- Born: Adelheid Feigenwinter 23 April 1936 Pratteln, Switzerland
- Died: 8 July 1996 Arisdorf, Switzerland
- Occupation: Writer of "prose miniatures"
- Spouse: Joseph Edward Duvanel
- Children: Adelheid Duvanel (1964–2005)
- Parent(s): Georg Feigenwinter (1904–1997) Elisabeth Lichtenhahn
- Writing career
- Pen name: Judith, Judith January

= Adelheid Duvanel =

Swiss writer

Adelheid Duvanel (born Adelheid Feigenwinter: 23 April 1936 – 8 July 1996) was a Swiss writer. Her earlier work appeared under one of two simple pseudonyms, "Judith" or "Judith January".

== Life ==
=== Provenance and troubled childhood ===
Adelheid Feigenwinter, the oldest of her parents' four children, was born in Pratteln. There had been five children, but her brother Stefan died in infancy. She grew up initially in Pratteln, where her parents rented a large rambling house with a child-friendly garden, and then when her father got a full-time job at the district court there, to a modern easy-to-manage family apartment in Liestal. These are small towns to the east and south of Basel along the old road towards Olten, but still within the Canton of Basel-Landschaft, and thereby culturally and linguistically Germanic. Her father, Georg Feigenwinter, was a lawyer and court official who rose through the ranks to become, in 1959, president of the cantonal criminal and youth court. Slightly unusually, the religious differences that had been a feature of the region for centuries were reflected in the family home.
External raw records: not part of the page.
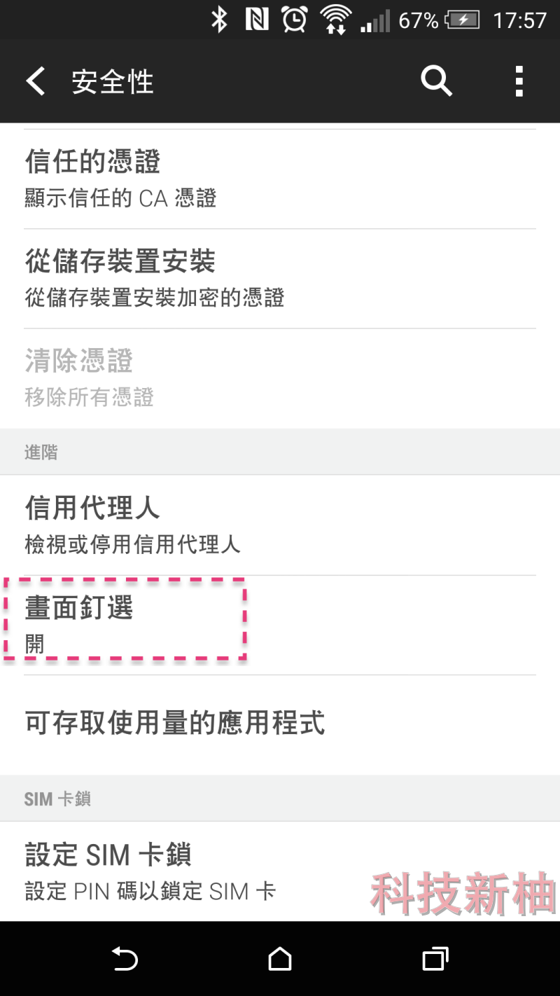 ▲ 螢幕固定功能的位置放在設定/安全性/畫面釘選。
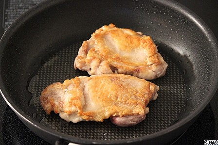 3.フライパンに油を熱して、2の皮目から焼く。出てきた油はキッチンペーパーでふきとる。
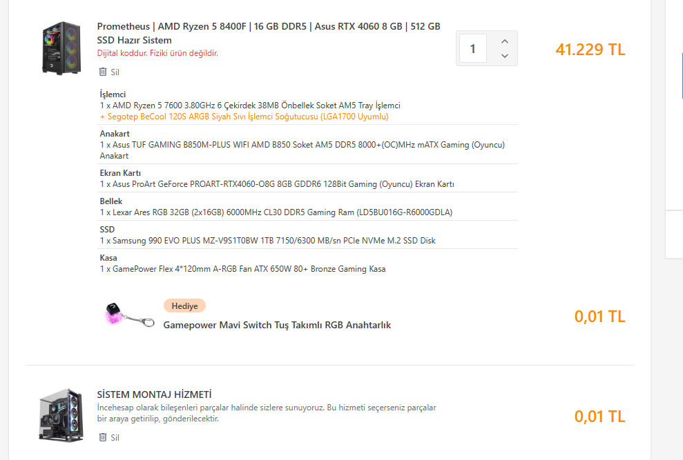 Ben de şöyle bir sistem çıkardım: İleriye dönük olması açısından anakart, işlemci ve RAM kısmında fulleyebileceğim kadar full koymaya çalıştım. Çünkü şu şekilde düşünüyorum: İleride gidip istersem işlemciyi, istersem ekran kartını değiştirebilirim. Diğer türlü giriş seviye bir anakart alacağım için bu kadar detaylı şeyleri yapamayacağım belki de.
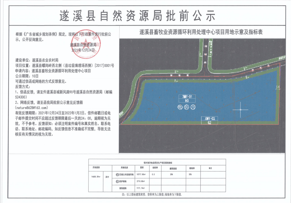 《遂溪縣畜牧業(yè)資源循環(huán)利用處理中心項目用地規(guī)劃》批前公示
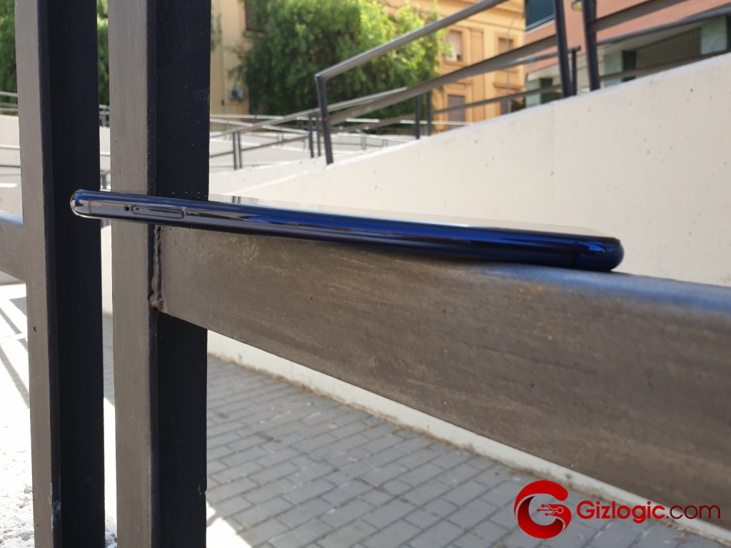Seguimos en esta parte trasera y vemos el módulo de la triple cámara, que al sobresalir ligeramente, el smartphone no permanece firme sobre una superficie (pero bascula menos que otros teléfonos). También cuenta con un flash LED y un lector de huellas, con un buen reconocimiento y en una posición cómoda. Sus dimensiones son de 159 x 76.5 x 8.2 mm y presenta un peso de 178 g. Un peso acertado con una batería de 4.000 mAh.
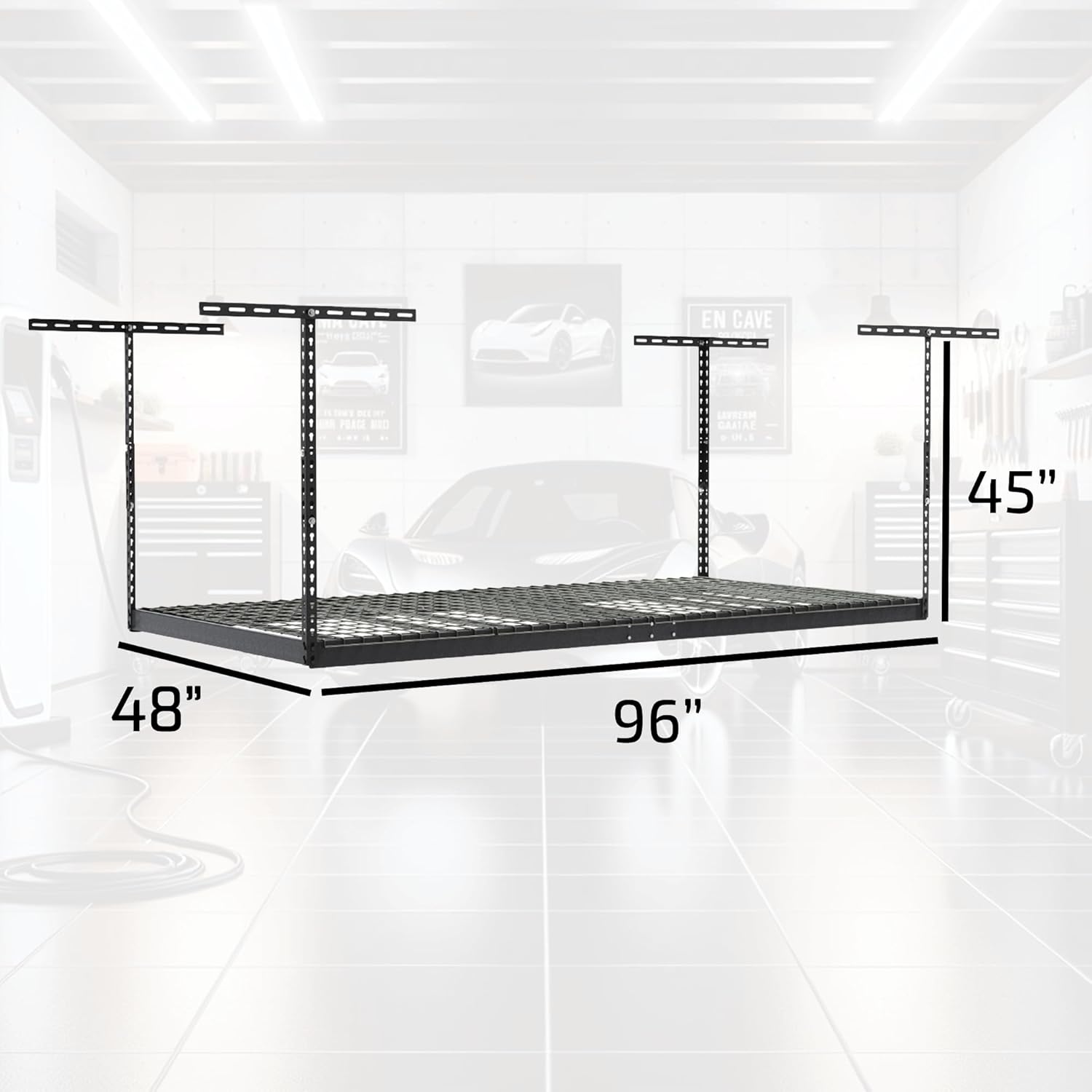 • MORE STORAGE, LESS CLUTTER: Designed with your storage needs in mind, ceiling mounted overhead garage storage helps you get organized by getting your things off the floor and out of the way saving valuable space in your garage. This hanging storage system is a great space saver; allowing you to utilize previously unused space providing you more storage and better organization.
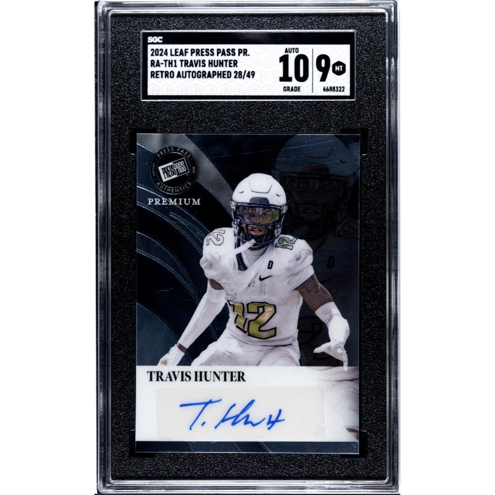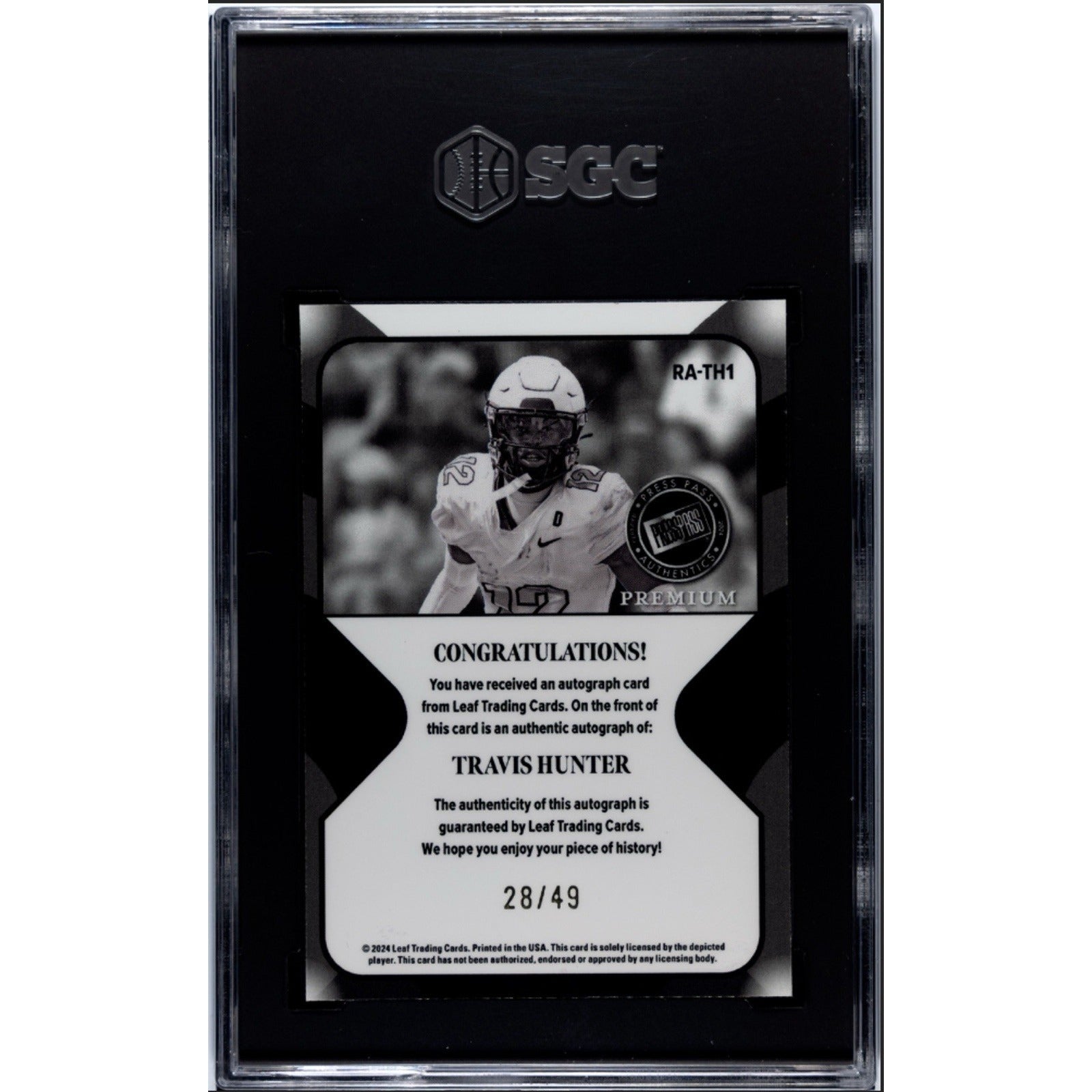 28/49 2024 Leaf Press Pass Premium -Travis Hunter RC Auto Retro #RA-TH1 - SGC 9
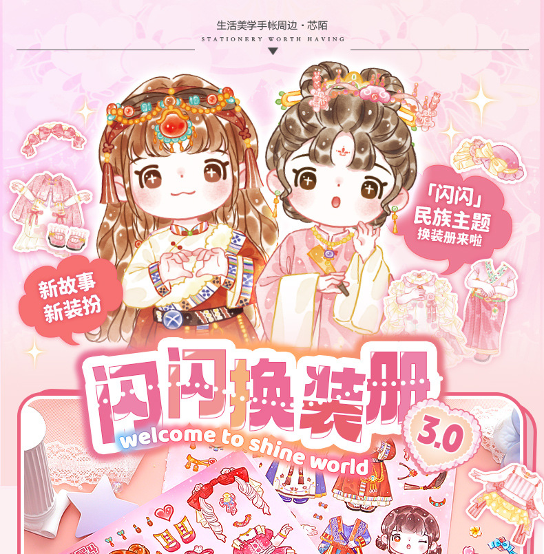 새로운 코어 낯선 사람 스파클링 원피스 업 스티커 귀여운 소녀 스티커 어린이 어린 소녀 그림 장난감 스티커스토어 가기
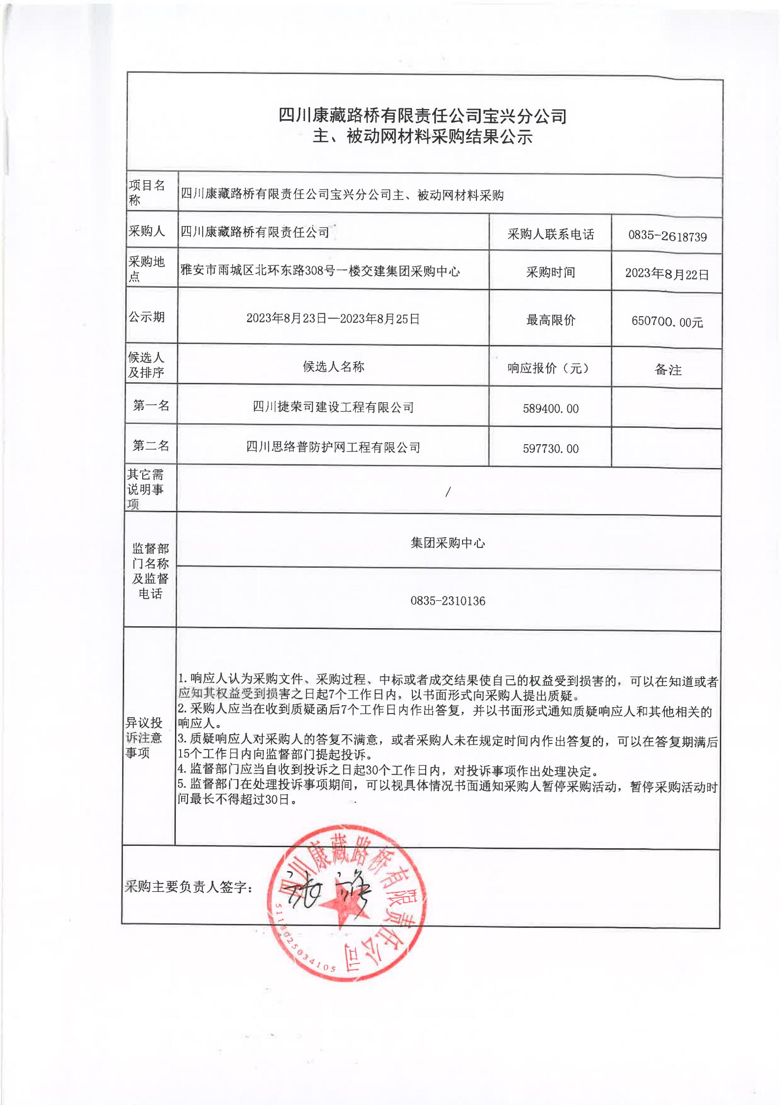 四川康藏路橋有限責(zé)任公司寶興分公司主、被動網(wǎng)材料采購結(jié)果公示
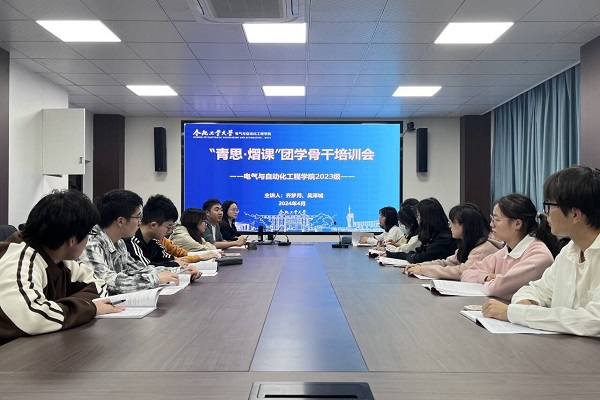 4月3日下午,电气与自动化工程学院在逸夫楼1004开展“青思·熠课”2023级团学骨干培训会,学院相关负责老师及2023级团支部书记参加活动。
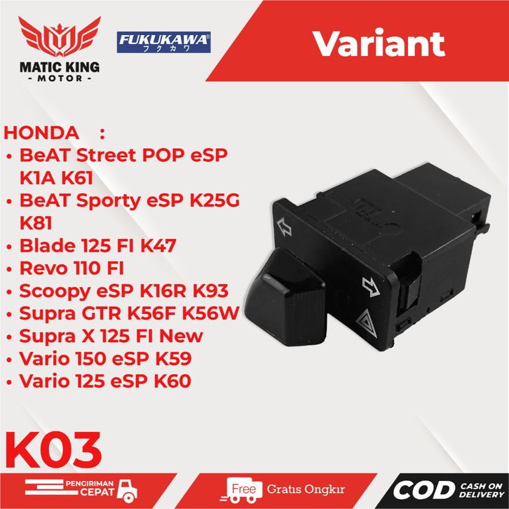 Fukukawa Saklar Tombol Sein Sen Hazard Beat Vario Scoopy Supra X GTR Revo Blade Fi eSP POP Street

Georg Feigenwinter was a deeply committed Catholic while Adelheid's mother, born Elisabeth Lichtenhahn, had been born a city girl and grown up as a Protestant. Both her parents could trace their Swiss ancestry back to the renaissance period, but her mother's family had originally come from Leipzig, obtaining Swiss citizenship rights as recently as 1524. The child's own intellectual capacities were unmissable from an early stage: both at junior school and within the family they spoke of her as something of a "Wunderkind". Later during her young life the situation at home darkened. She would recall that she found her parents stern, "repressive" and remote. There were hospital visits and psychotherapy sessions. At one stage, as an adolescent, she stopped talking and refused to leave her room for days on end. She drew ceaselessly and insisted that she needed a training at an art college, but was instead enrolled at a Catholic boarding school. According to one source she was subjected to Electroconvulsive therapy and insulin therapy, two subsequently discredited treatments for what had been diagnosed by physicians assigned to Adelheid Feigenwinter's as "Aphasia".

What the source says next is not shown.